Hon. John P. Hale, of the Senate, wrote from Dover, N.H., under date of July 3d:—

"As I came from Washington to this place, in New York, Boston, and in steamboats and railroad cars, I heard but one expression in regard to your speech, and that was of unmingled gratification. I have heard all classes, Whigs and others, and there is no exception. Ladies particularly are in ecstasies at it. Mrs. Hale says, 'Give him my thanks for his speech.' The feeling of gratification at your speech is so great, that people do not think, much less speak, of the Billingsgate by which you were assailed."

Hon.
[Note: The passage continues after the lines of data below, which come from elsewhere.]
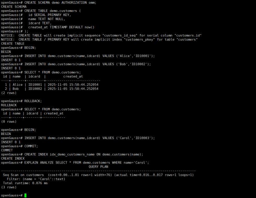 -- (在当前会话中,你可以模拟:SET ROLE app_user; SELECT * FROM demo.customers_public; SET ROLE omm;)
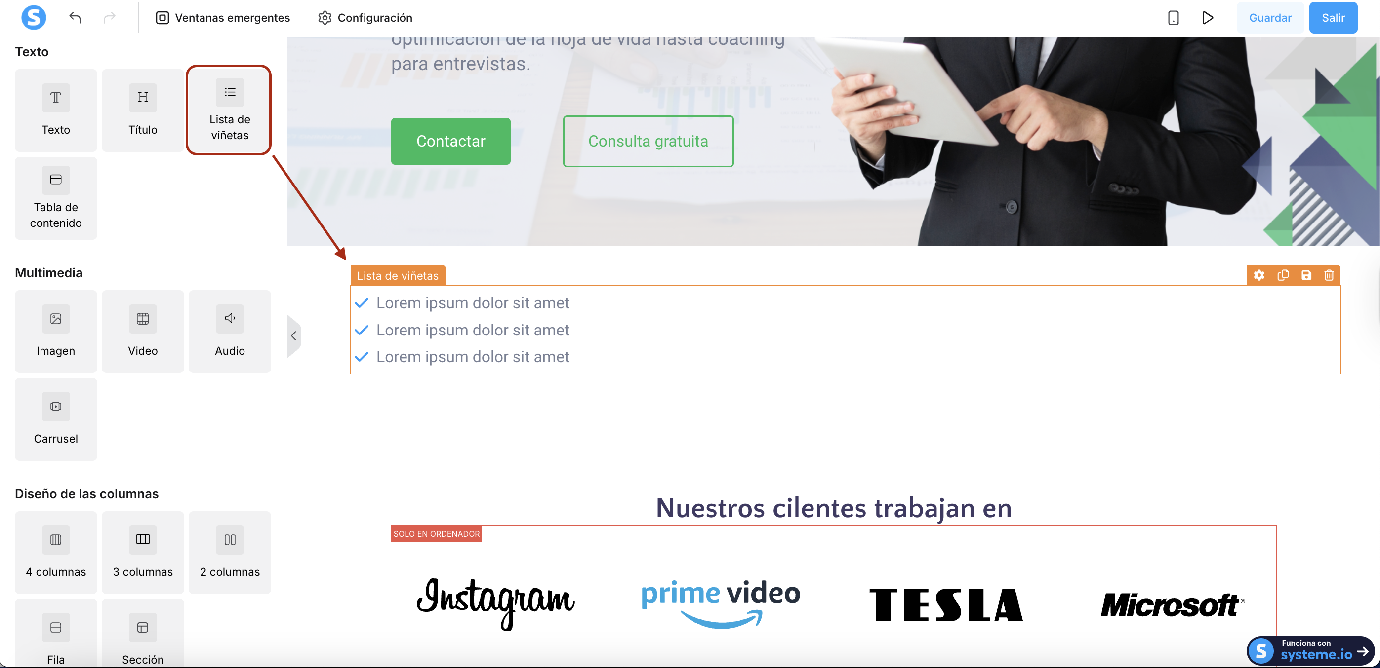 Para crear una lista, arrastra el elemento Lista de viñetas a tu página.
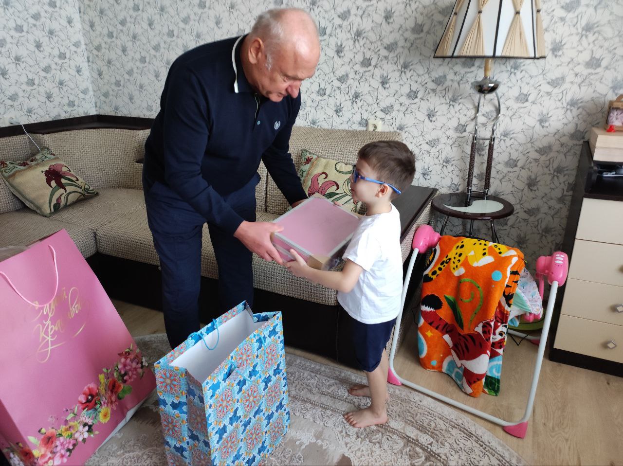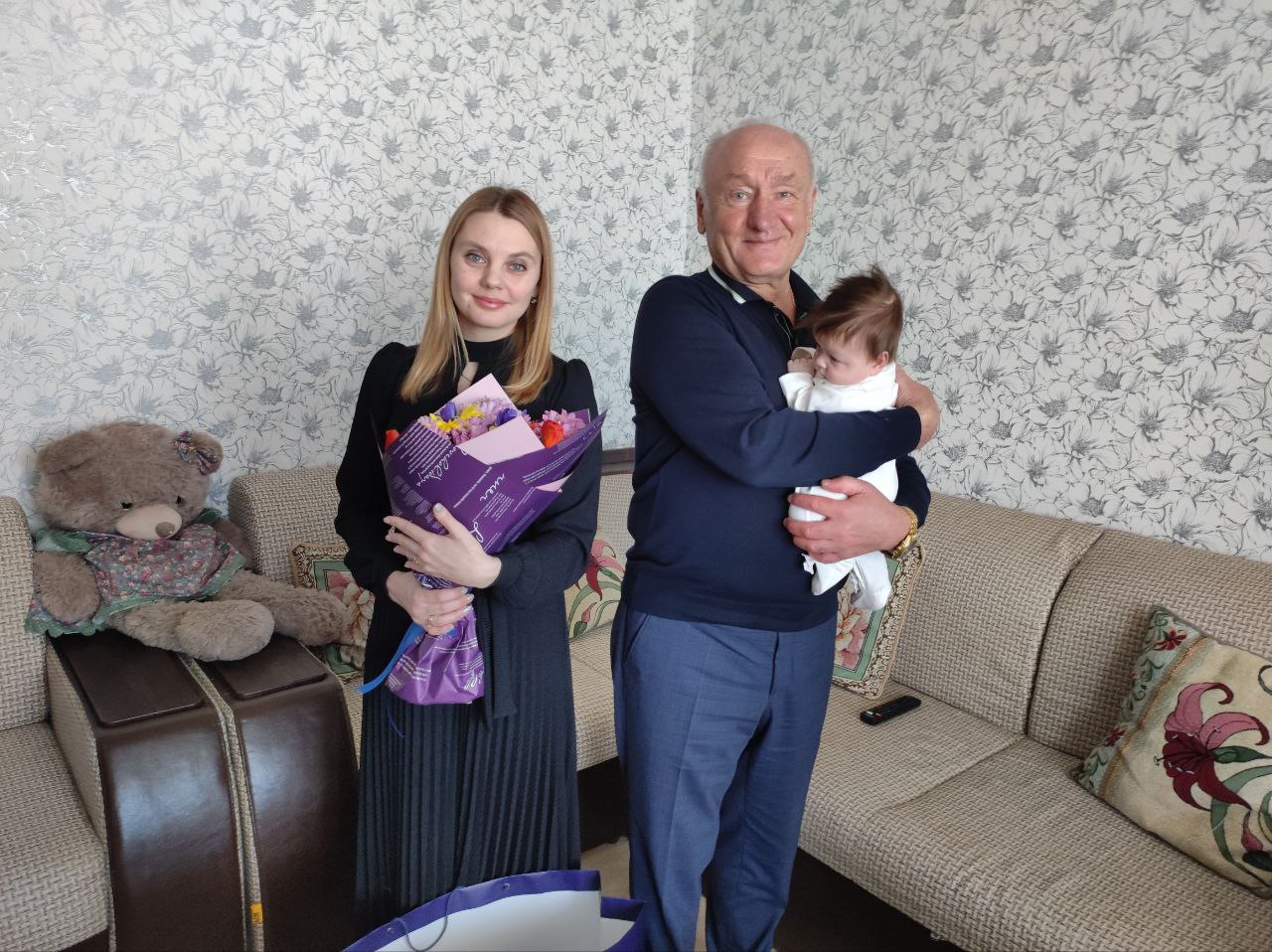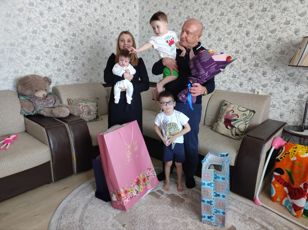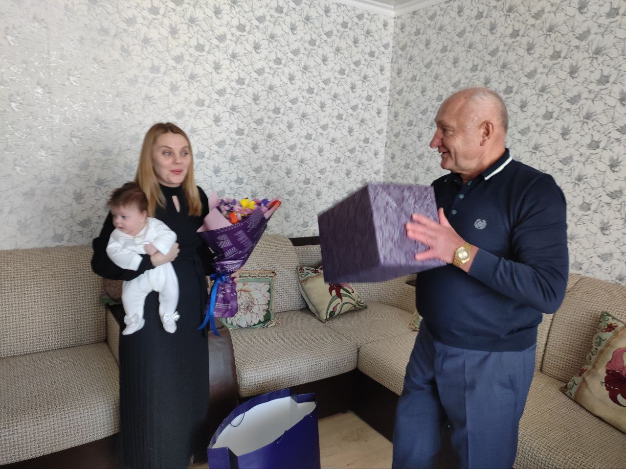 Сергей Маненков пожелал Алине всего самого наилучшего. Здоровья, радости, весеннего настроения в душе и доме, улыбок и цветов. Вручил подарок Алине и ее трем деткам. Выразил слова поддержки.
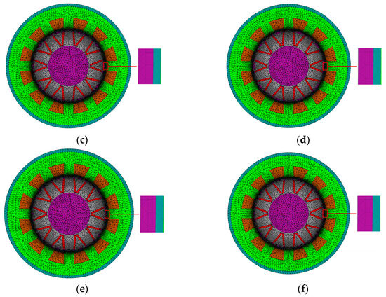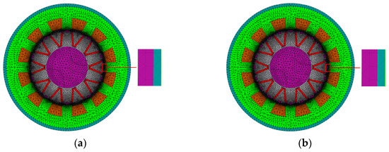 This section comparatively studies the influence of rotor auxiliary tooth count on the electromagnetic performance of the RAT-PMVM in a transient magnetic field by using 2D FEM. Figure 11 shows two rotor configurations with different rotor auxiliary tooth numbers. The rotor in Figure 11a has 10 rotor auxiliary teeth, while the rotor in Figure 11b has 20 rotor auxiliary teeth. For clarity, the PMVM with 20 rotor auxiliary teeth is denoted as multi-tooth RAT-PMVM (MRAT-PMVM), while that with 10 rotor auxiliary teeth is still designated as RAT-PMVM. As shown in Figure 12, two-dimensional finite element mesh models were established, with three layers of mesh generated in the airgap region for both models. Figure 12a shows the mesh model of the RAT-PMVM, with the number of elements and nodes being 27,086 and 14,777, respectively. Figure 12b shows the mesh model of the MRAT-PMVM, with the number of elements and nodes being 26,338 and 14,403, respectively. The average mesh quality provided by JMAG software (Version 23) is approximately 0.75 for both models (where the optimal mesh quality in this software corresponds to 1). The time step was set to approximately 0.192 ms for all simulations. Note that the basic parameters of the two motors except auxiliary tooth count are exactly the same as those in Table 1.
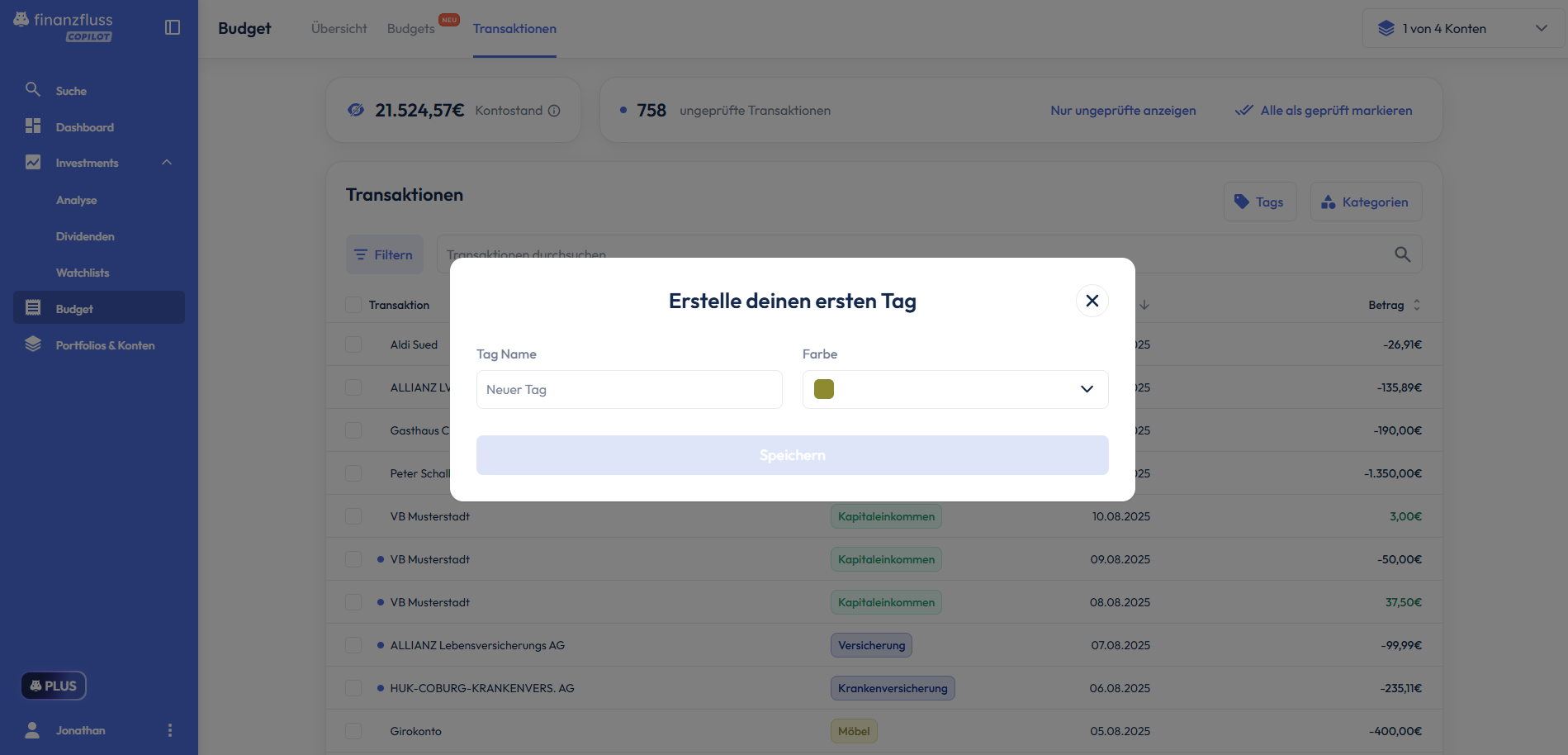 ✅ Prima, deine Transaktion wird jetzt mit deinem ausgewählten Tag gekennzeichnet.
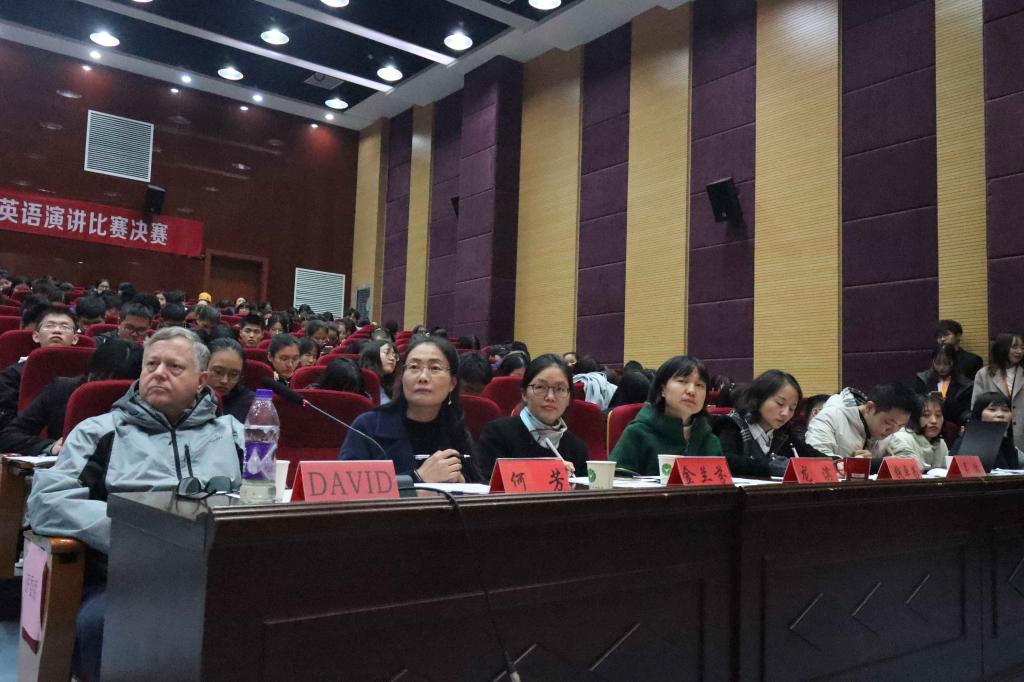 当晚,经过班级初赛、二级学院复赛、半决赛等层层选拔后脱颖而出的20名选手展开巅峰对决,角逐一、二、三等奖。比赛分定题演讲、即兴演讲和专家提问三个环节。定题演讲以“My Big Story in 2049”为主题,选手们展开丰富的想象力,或化身文化使者传递中国传统文化,或畅想未来展现家国情怀,标准的语音面貌,生动的故事情节赢得了观众阵阵掌声;在即兴演讲环节,针对刷脸、交通、环保、婚姻、移动支付等社会热点话题,选手们凭借敏捷的思维和流利的语言表达应对自如;在问答环节,选手与评委David轻松互动,随机应变,对答如流。选手们良好的精神面貌、敏捷的思辨能力及稳健的舞台风范给观众留下了深刻印象,同时获得外教评委David的大加赞赏和高度肯定。经过激烈角逐,最终评选出英语专业组和非英语专业组一二三等奖若干名。
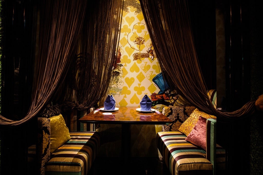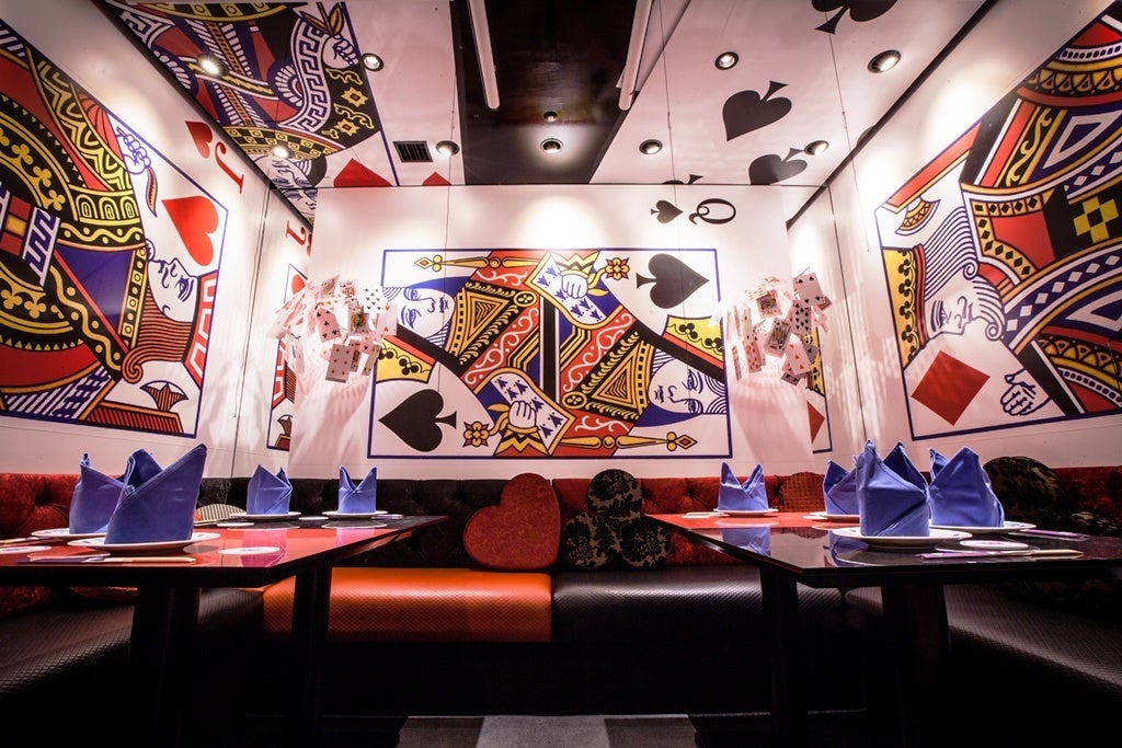 このメインフロアを中心として、大きな大きなトランプに囲まれるソファー席やハートの女王様ご自慢の庭を模したテーブル席などを設えた英国文学「不思議の国のアリス」の世界観を存分にお楽しみいただける❝リアルでファンタジーの世界に迷いこめる❞レストランです。
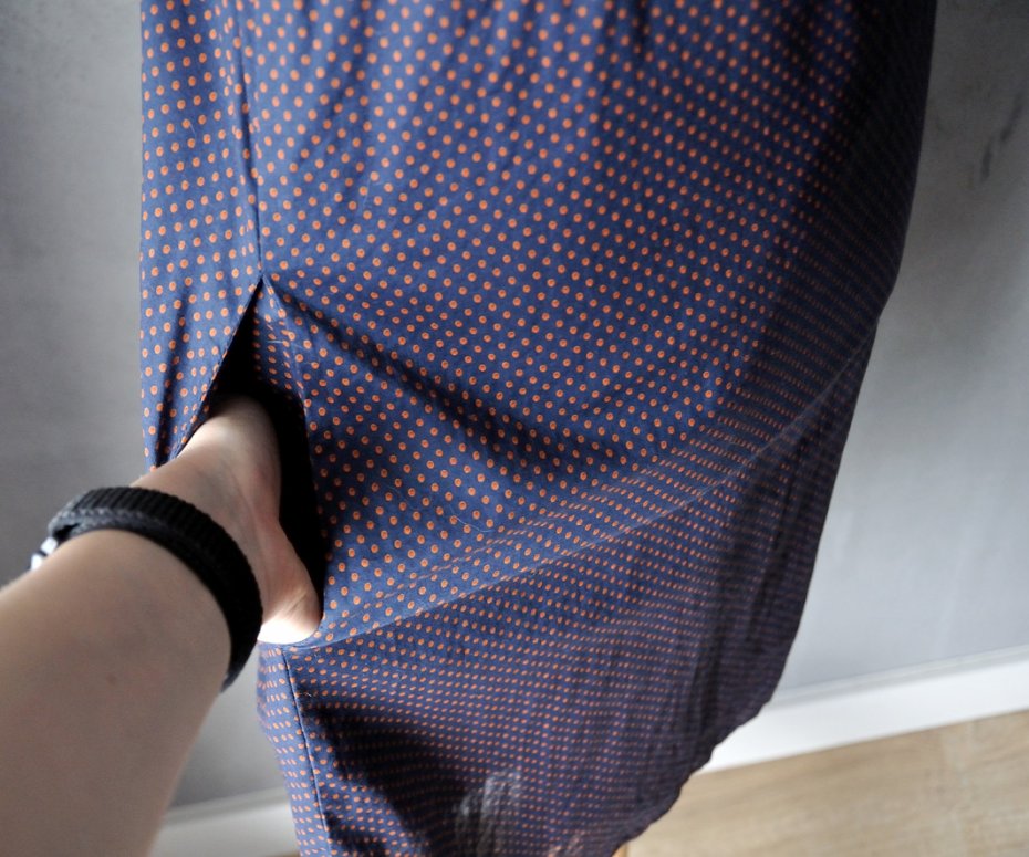 Tagi: #bawełniana sukienka, #granatowa sukienka, #groszki, #sukienka z kieszeniami

Henry Wilson thus expressed his feelings in a letter from Boston:—

"I write to say to you that you have given the heaviest blow you ever struck to the slaveholding oligarchy. All our friends are delighted, and men, who, even up to this hour have withheld all words of commendation, are proud of your speech, and loud in their commendations."

John A. Andrew, Esq., wrote:—

"Your recent rencontre with the wild beasts of Ephesus has been a brilliant success. I have regarded that debate with pride and gratification. I am glad it has occurred for many reasons, private and personal, as well as public and universal. And I have heard no person refer to it but in terms the most gratifying to my friendship for you, and my interest in the controversy itself. I think our friends here are in good spirits and full of hope.

"How do those people treat you now, since they have come to close quarters with you? I hope you will spare not. You had ample occasion, and now I hope you will keep up the war aggressively; never fail to attack them, in the right way, whenever they deserve it. The insolence of the presumption to stand between a man and his own conscientious interpretation of the Constitution, especially when they defiantly and every day dare everybody to tread on their coat-tails, at the price of treason and rebellion, under the name of 'disunion,' is utterly unbearable.

"I only wish they would expel you, and Chase, and Gillette,—all three."

Wendell Phillips was most earnest, as follows:—

"The storm of letters of congratulation is perhaps lulled a little by this time, and you'll have a moment's leisure to receive the admiring thanks of an old friend. Amid so much that was sad and dark at home, it has been delightful to sun one's self now and then in the glad noon of hope at Washington. The whole State is very proud of you just now. If your six years were out this next winter, I think you'd be run in again without a competitor, and by a vote of all parties.

"All your late efforts have been grand: see the benefit of being insulted. Your last richly merited the claim you made of being thorough. I liked and entirely approved the self-respect with which you put your own opinion side by side with the Virginian's and left it. You claimed not a tittle too much, and he deserved just that sort of treatment.

"If, amid such universal congratulation, it be any joy to you to hear my amen, be assured it is most heartily shouted."